Both Effexor (11.8% vs 9.2%) and Cymbalta (8.4% vs. 5.8%) had higher rates of discontinuation due to adverse events than did SSRIs. Effexor’s adverse event-related discontinuation rates were not different from rates on TCAs (Schueler Y-B et al, Acta Psychiatr Scand online ahead of print).
Despite the authors’ best efforts, Effexor data was incomplete. The authors found that data from several additional unpublished studies were included in a different meta-analysis sponsored by the manufacturer of Effexor (Nemeroff CB et al, Biol Psychiatry 2008;63:424–434). The manufacturer’s meta-analysis found Effexor had a higher remission rate than SSRIs, but the manufacturer’s refusal to share data with the current researchers casts some doubt on this finding.
TCPR’s Take: With poorer tolerability than SSRIs and no efficacy advantage, Cymbalta does not look like a first-line antidepressant; its purported ability to treat pain in depressed patients is also questionable (see December 2008 issue of TCPR). Effexor fared somewhat better, but its slight efficacy advantages are counterbalanced by its poorer tolerability.
B Vitamins May Slow Brain Atrophy
High levels of homocysteine have been linked to brain atrophy in the elderly (Sachdev PS, Prog Neuropsychopharmacol Biol Psychiatry 2005;29(7):1152– 1161). Given that taking B vitamins can lower plasma homocysteine levels, a group of researchers recently examined whether supplemental B vitamins could slow the rate of brain atrophy in elderly people with mild cognitive impairment (MCI).
In this randomized, double-blind controlled trial, 168 participants over age 70 were given either a combination of high dose folic acid, vitamin B6, and vitamin B12 (n=85); or a pill placebo (n=83) for a period of two years. Participants had brain MRIs at the start and end of the trial to measure brain atrophy. The supplemental vitamins were administered as a single tablet containing 0.8 mg folic acid, 0.5 mg cyanocobalamin (vitamin B12), and 20 mg pyridoxine HCl (vitamin B6).

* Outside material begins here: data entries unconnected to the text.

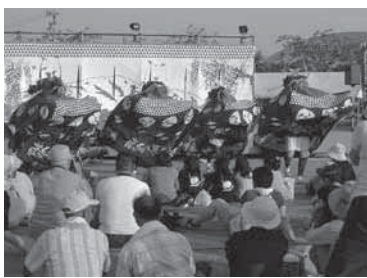
◀③鶴岡伝統芸能祭 獅子踊り、神楽、太鼓など各地域の伝統芸能を一堂に集めて行う芸能祭
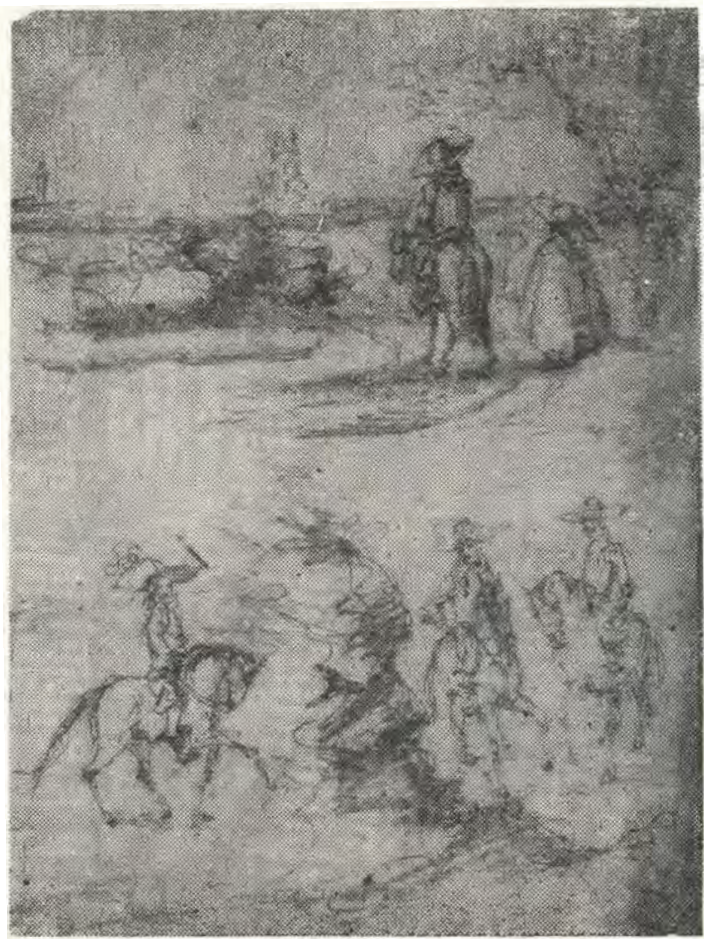
12.— Caballeros del siglo XVII, lápiz, Ignacio Merino.
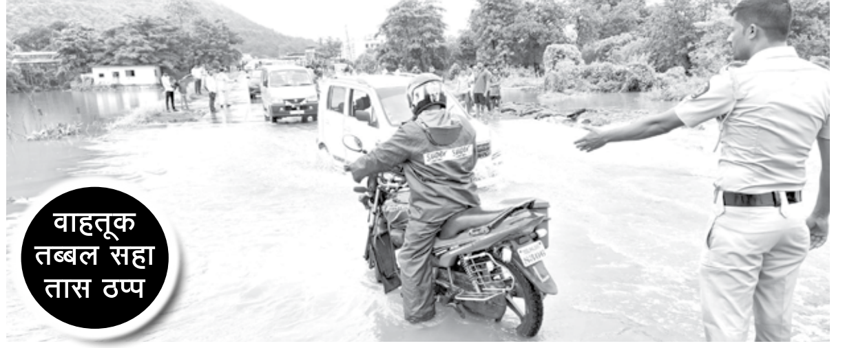
वाहतूक तब्बल सहा तास ठप्प

रस्ता रुंदीकरण व पुलांमुळे पावसाळ्यात हा मार्ग सोयीचा होईल, अशी अपेक्षा होती, मात्र सर्वेचे हाल झाले आहेत. पुलाच्या दोन्ही बाजूला रस्त्यावर पाणी साचून वाहतूक कोंडी झाल्यामुळे नागरिक हॅराण झाले.
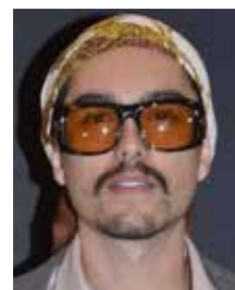
Sergio Mayer Mori.
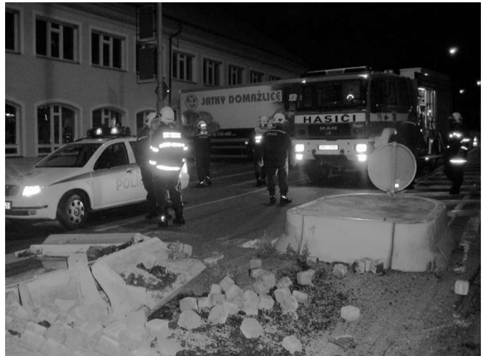
Ve čtvrtek 16. srpna zasahovali kralovičtí hasiči u dopravní nehody v Kralovicích na křižovatce na Kožlany.
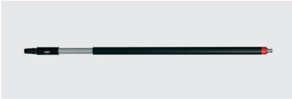
Alustiel. Ergonomischer Stiel mit isoliertem Griff. Stecknippel passend für Nito System

Treatment response was measured in relation to plasma homocysteine levels. Levels decreased by 22.5% in the active treatment group and increased by 7.7% in the placebo group. The mean rate of brain atrophy per year was 0.76% in the active treatment group vs 1.08% in the placebo group. After researchers adjusted for age, they found the rate of brain atrophy was 29.6% less in the active treatment group than the placebo group.

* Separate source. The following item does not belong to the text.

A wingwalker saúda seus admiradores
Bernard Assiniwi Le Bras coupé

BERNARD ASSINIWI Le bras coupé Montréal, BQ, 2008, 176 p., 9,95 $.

Participants took a number of cognitive tests at the start and finish of the study, and final cognitive test scores were related to the rate of atrophy, ie, patients who had faster rates of atrophy performed worse than those with slowed atrophy. Study authors plan to present detailed finding on cognition in a future paper (AD Smith et al, PLoS ONE 2010;5(9):e12244).

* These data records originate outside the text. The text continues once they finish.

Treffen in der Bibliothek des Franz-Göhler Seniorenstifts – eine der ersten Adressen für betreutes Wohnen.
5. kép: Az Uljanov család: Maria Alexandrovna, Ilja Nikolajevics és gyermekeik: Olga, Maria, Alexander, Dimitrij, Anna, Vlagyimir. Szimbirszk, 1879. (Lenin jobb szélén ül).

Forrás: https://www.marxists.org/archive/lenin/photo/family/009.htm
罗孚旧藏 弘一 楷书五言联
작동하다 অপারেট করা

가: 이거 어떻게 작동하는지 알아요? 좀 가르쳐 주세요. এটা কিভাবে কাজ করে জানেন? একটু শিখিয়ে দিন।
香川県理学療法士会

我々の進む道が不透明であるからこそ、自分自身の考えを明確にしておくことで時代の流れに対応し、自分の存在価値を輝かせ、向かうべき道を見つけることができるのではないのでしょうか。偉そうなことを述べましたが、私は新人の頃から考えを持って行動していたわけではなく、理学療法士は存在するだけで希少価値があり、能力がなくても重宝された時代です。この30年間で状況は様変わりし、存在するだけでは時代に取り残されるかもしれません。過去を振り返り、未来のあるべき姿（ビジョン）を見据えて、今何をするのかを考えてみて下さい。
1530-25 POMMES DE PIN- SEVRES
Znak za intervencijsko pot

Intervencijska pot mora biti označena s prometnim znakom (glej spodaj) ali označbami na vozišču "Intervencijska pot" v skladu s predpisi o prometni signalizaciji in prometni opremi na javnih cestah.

TCPR’s Take: It looks like high levels of B vitamins can slow the rate of brain atrophy. Considering there aren’t any major side effects related to taking B vitamins, suggesting supplemental folic acid, B6, and B12 to our patients with minor cognitive decline is something we can easily put into practice. Take into consideration, however, that some of the authors of this study may have a financial interest in the success of the vitamins—the main author holds a patent on a brand of folic acid to treat Alzheimer’s disease, and he and another author have received speaking honoraria from the maker of the supplemental vitamins used in the study.